Work order: Each line below must be reproduced exactly, though the pictures are to be dropped.

Information shown:

Content starts

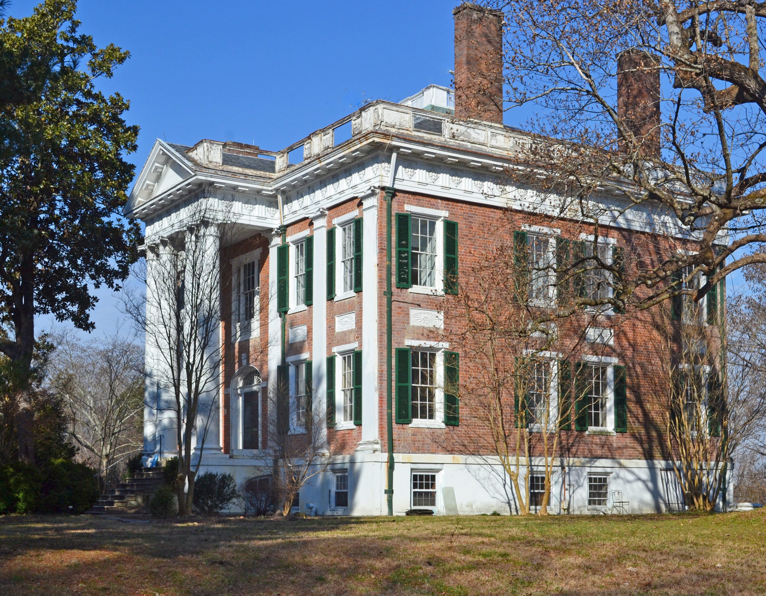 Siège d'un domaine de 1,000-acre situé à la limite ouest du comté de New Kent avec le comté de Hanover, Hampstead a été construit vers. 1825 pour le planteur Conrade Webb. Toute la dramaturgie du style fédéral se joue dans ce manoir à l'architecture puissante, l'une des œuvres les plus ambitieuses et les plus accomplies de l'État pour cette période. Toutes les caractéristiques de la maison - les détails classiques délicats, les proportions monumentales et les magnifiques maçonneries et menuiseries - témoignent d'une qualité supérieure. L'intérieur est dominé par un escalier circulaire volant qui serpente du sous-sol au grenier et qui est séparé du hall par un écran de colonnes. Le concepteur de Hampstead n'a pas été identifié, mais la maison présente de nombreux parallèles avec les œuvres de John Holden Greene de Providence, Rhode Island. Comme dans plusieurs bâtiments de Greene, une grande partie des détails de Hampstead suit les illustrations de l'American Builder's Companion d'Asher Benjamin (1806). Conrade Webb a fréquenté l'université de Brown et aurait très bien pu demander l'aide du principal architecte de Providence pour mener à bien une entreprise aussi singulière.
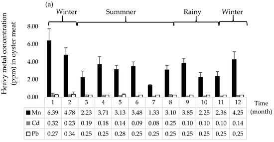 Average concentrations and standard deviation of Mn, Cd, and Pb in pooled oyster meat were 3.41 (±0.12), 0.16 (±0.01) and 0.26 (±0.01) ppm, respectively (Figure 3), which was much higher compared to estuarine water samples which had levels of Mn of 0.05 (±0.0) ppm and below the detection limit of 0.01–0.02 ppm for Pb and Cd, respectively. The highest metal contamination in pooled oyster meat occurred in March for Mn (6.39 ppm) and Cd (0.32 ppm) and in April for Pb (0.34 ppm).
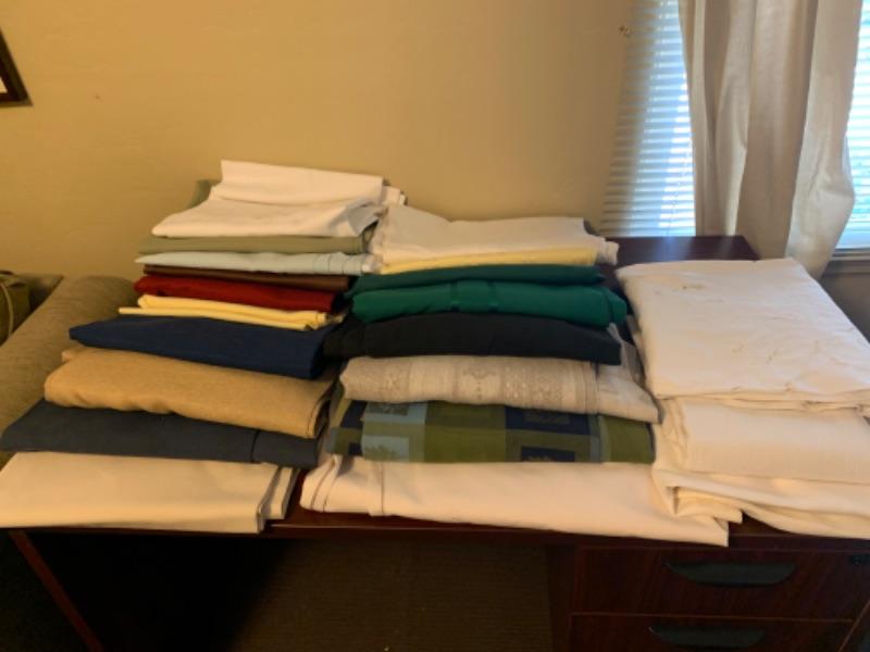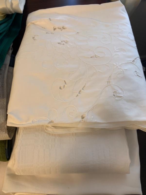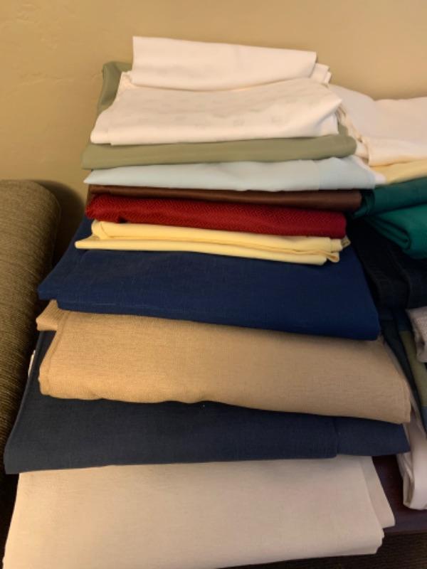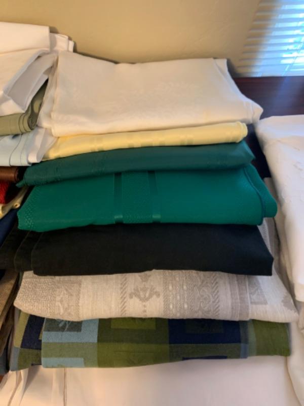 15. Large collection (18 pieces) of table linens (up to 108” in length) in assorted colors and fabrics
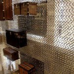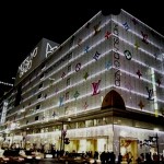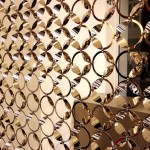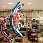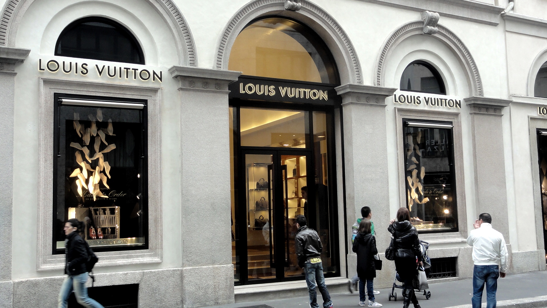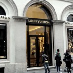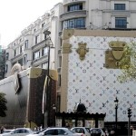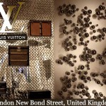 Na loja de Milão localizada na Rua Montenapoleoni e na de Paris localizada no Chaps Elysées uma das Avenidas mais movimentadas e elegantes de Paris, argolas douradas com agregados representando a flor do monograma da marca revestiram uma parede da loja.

Content ends

Output:
 Siège d'un domaine de 1,000-acre situé à la limite ouest du comté de New Kent avec le comté de Hanover, Hampstead a été construit vers. 1825 pour le planteur Conrade Webb. Toute la dramaturgie du style fédéral se joue dans ce manoir à l'architecture puissante, l'une des œuvres les plus ambitieuses et les plus accomplies de l'État pour cette période. Toutes les caractéristiques de la maison - les détails classiques délicats, les proportions monumentales et les magnifiques maçonneries et menuiseries - témoignent d'une qualité supérieure. L'intérieur est dominé par un escalier circulaire volant qui serpente du sous-sol au grenier et qui est séparé du hall par un écran de colonnes. Le concepteur de Hampstead n'a pas été identifié, mais la maison présente de nombreux parallèles avec les œuvres de John Holden Greene de Providence, Rhode Island. Comme dans plusieurs bâtiments de Greene, une grande partie des détails de Hampstead suit les illustrations de l'American Builder's Companion d'Asher Benjamin (1806). Conrade Webb a fréquenté l'université de Brown et aurait très bien pu demander l'aide du principal architecte de Providence pour mener à bien une entreprise aussi singulière.
 Average concentrations and standard deviation of Mn, Cd, and Pb in pooled oyster meat were 3.41 (±0.12), 0.16 (±0.01) and 0.26 (±0.01) ppm, respectively (Figure 3), which was much higher compared to estuarine water samples which had levels of Mn of 0.05 (±0.0) ppm and below the detection limit of 0.01–0.02 ppm for Pb and Cd, respectively. The highest metal contamination in pooled oyster meat occurred in March for Mn (6.39 ppm) and Cd (0.32 ppm) and in April for Pb (0.34 ppm).
 15. Large collection (18 pieces) of table linens (up to 108” in length) in assorted colors and fabrics
 Na loja de Milão localizada na Rua Montenapoleoni e na de Paris localizada no Chaps Elysées uma das Avenidas mais movimentadas e elegantes de Paris, argolas douradas com agregados representando a flor do monograma da marca revestiram uma parede da loja.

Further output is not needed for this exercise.